__PROBLEM DESCRIPTION__.
Leaving pictures out, repeat word for word the line that has "Plus Size Floral" and each line that follows it to the end of the listing.

__COLLECTED MATERIAL__.
◆ ◆ ◆
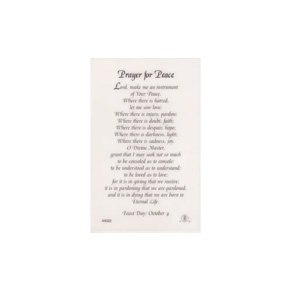 Printed card is laminated, has the image shown on one side, and the "Prayer For Peace" printed on the other side.
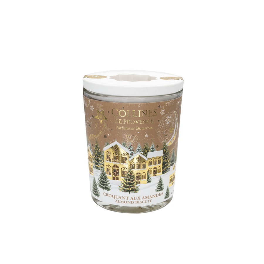 Immerse yourself in the delights of the festive season with the Croquant aux Amandes 180g scented candle, handcrafted in Haute Provence. Its beige and brown design, enhanced with fine gold detailing evoking a starry sky, adds a touch of elegance to the festive season. Its refined ceramic cap, crackling wooden wick and openwork label allowing the flame to sparkle make it a warm decorative object. Its fragrance, inspired by the essential almond of the 13 Provençal desserts, is a true invitation to a moment of simple and comforting pleasure.
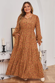 Plus Size Floral V-Neck Ruffle Sleeve Tiered Dress
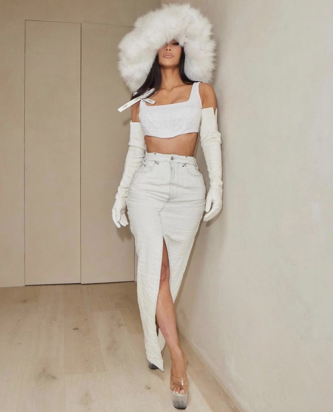Along with her strikingly beautiful statement hat, Kim paired her look with a white cropped corset that she styled with a light-blue denim skirt which was identical to what we saw on the runway previously. She chose to accessorized with white leather gloves and clear platform mules that showed her well-toned legs through the high-slit of her denim skirt.
◆ ◆ ◆
__RESPONSE AREA__.
 Plus Size Floral V-Neck Ruffle Sleeve Tiered Dress
Along with her strikingly beautiful statement hat, Kim paired her look with a white cropped corset that she styled with a light-blue denim skirt which was identical to what we saw on the runway previously. She chose to accessorized with white leather gloves and clear platform mules that showed her well-toned legs through the high-slit of her denim skirt.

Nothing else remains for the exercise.